Thomas Stockdale Rhea (1871–1946) was a Democratic politician from the U.S. Commonwealth of Kentucky. He served as Kentucky State Treasurer in 1912 and was state highway commissioner in the administration of Governor Ruby Laffoon. Known as "The Sage of Russellville" or "The Gray Fox", Rhea was a powerful Democratic political boss in the state. He was an unsuccessful candidate for governor in 1935, losing to A. B. "Happy" Chandler in the Democratic primary.

== Early life ==
Thomas Rhea was born in Russellville, Kentucky on December 29, 1871. He was the son of Albert Gallatin and Jane (Stockdale) Rhea. His father Albert was a circuit court judge and served in both houses of the Kentucky General Assembly, and his brother John Stockdale Rhea served in the U.S. House of Representatives. His grandfather, Charles Rhea, owned and edited the first newspaper in Logan County.

Rhea obtained his early education in the area's public schools and at Bethel College in Russellville. He began the practice of law in Logan County. He was the president of Southern Deposit Bank and vice-president of the Bank of Russellville. In 1905, he was elected sheriff of Logan County. In January 1916, Rhea married Lillian Clark of Russellville. The couple had four children - Lillian Rhea Noe, Thomas Jr., Albert III, and Roland.

== Political career ==
Rhea's political career began in 1912, with his election as state treasurer. From 1912 until his death, he was a delegate to every Democratic National Convention and, as one of five floor leaders at the 1932 convention in Chicago, was particularly instrumental in securing the delegates from the conservative Southern states for liberal New York native Franklin D. Roosevelt.

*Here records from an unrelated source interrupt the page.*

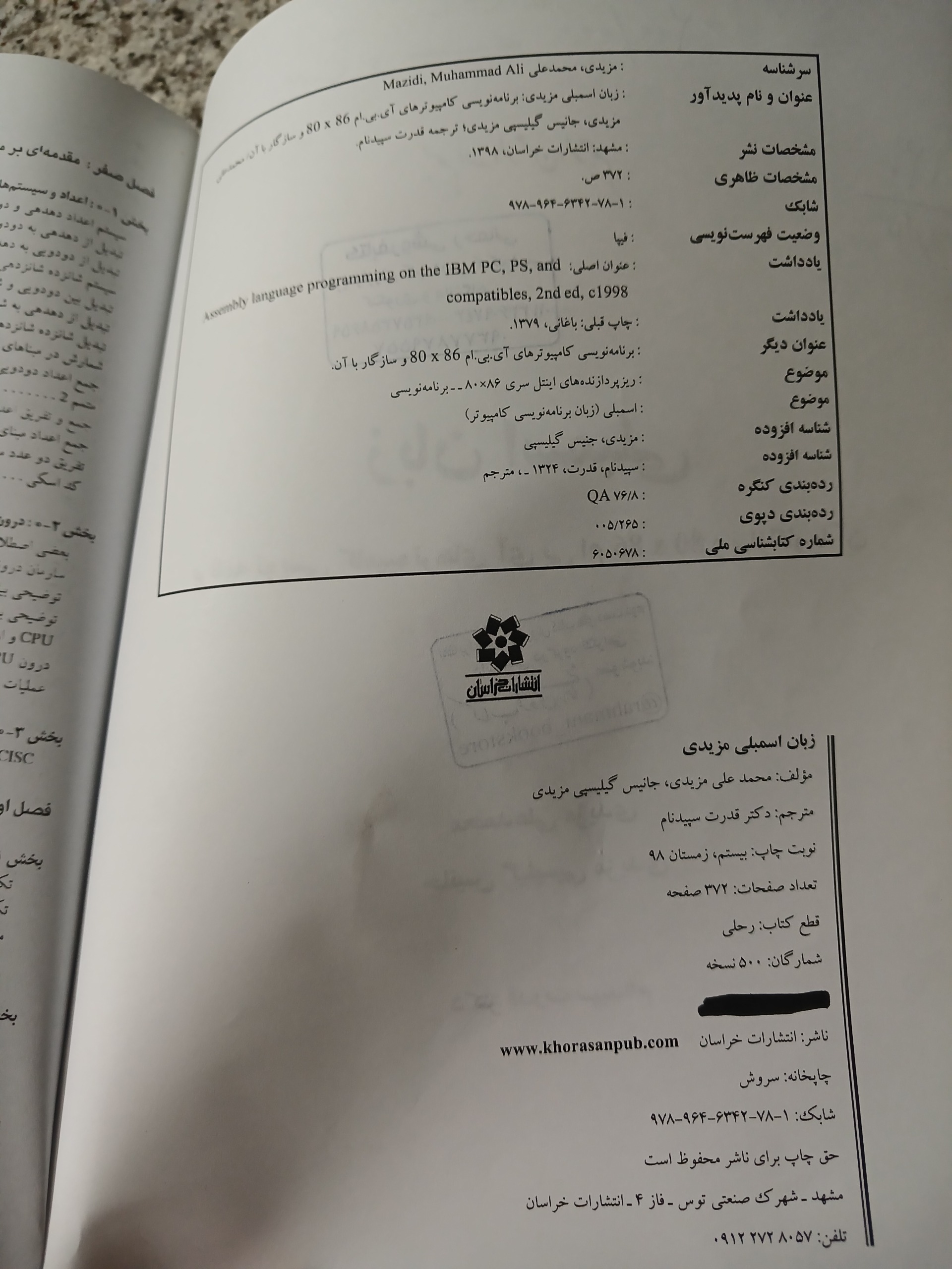| نوع چاپ کتاب | چاپ اصل |
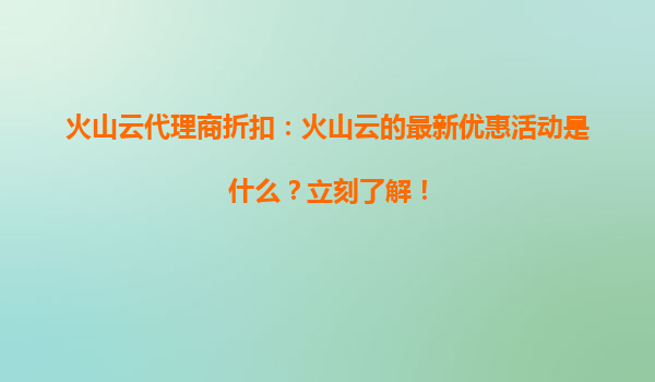 2025-08-27火山云代理商折扣:火山云的最新优惠活动解析 一、火山云最新优惠活动概览 火山云作为国内领先的云计算服务提供商,近期推出了一系列针对企业和个人开发者的优...
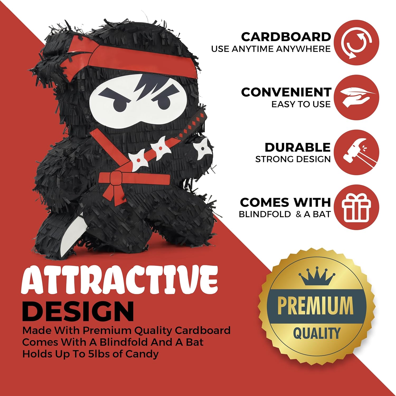 - ❤️【 PERFECT FOR A FUN PARTY】- Use the ninja pinata as decoration for parties or have guests take turns to try and break the pinata to release all the candies inside.

During World War I, Rhea served on the United States Munitions Board. He failed in a bid to become state auditor in 1915, and his term as treasurer expired in 1916. In 1919, he announced that he would run for governor, but later withdrew. In 1924, Governor William J. Fields appointed him to the state workman's compensation board, where he served until 1927. Rhea served as campaign chairman for J. C. W. Beckham in the 1927 gubernatorial race, but Beckham lost to Flem D. Sampson. In 1928, he unsuccessfully sought the Democratic nomination for a seat in the U.S. House of Representatives.

At the 1931 state Democratic convention, Rhea backed Madisonville judge Ruby Laffoon as the party's nominee for Governor of Kentucky and state senator J. Woodford Howard for Lieutenant Governor of Kentucky. Laffoon easily won the gubernatorial nomination, but Howard lost the nomination for lieutenant governor to Happy Chandler, in part because Chandler received the backing of Rhea's political enemy, Ben Johnson. Laffoon and Chandler won the election, and Laffoon removed Johnson as state highway commissioner, appointing Rhea to that position.

Laffoon backed Rhea as his successor in 1935. When Rhea and Laffoon traveled to Washington, D.C. for a meeting with President Franklin D. Roosevelt, Lieutenant Governor Chandler was left as acting governor. Chandler called the General Assembly into a special session to vote on a mandatory primary bill. Laffoon returned to the state and tried to invalidate the call, but being stymied by the state courts, agreed to a primary bill that required a runoff if no candidate received a majority. Laffoon believed that aging J. C. W. Beckham would once again run against Rhea in the Democratic primary and that a double primary would wear him down.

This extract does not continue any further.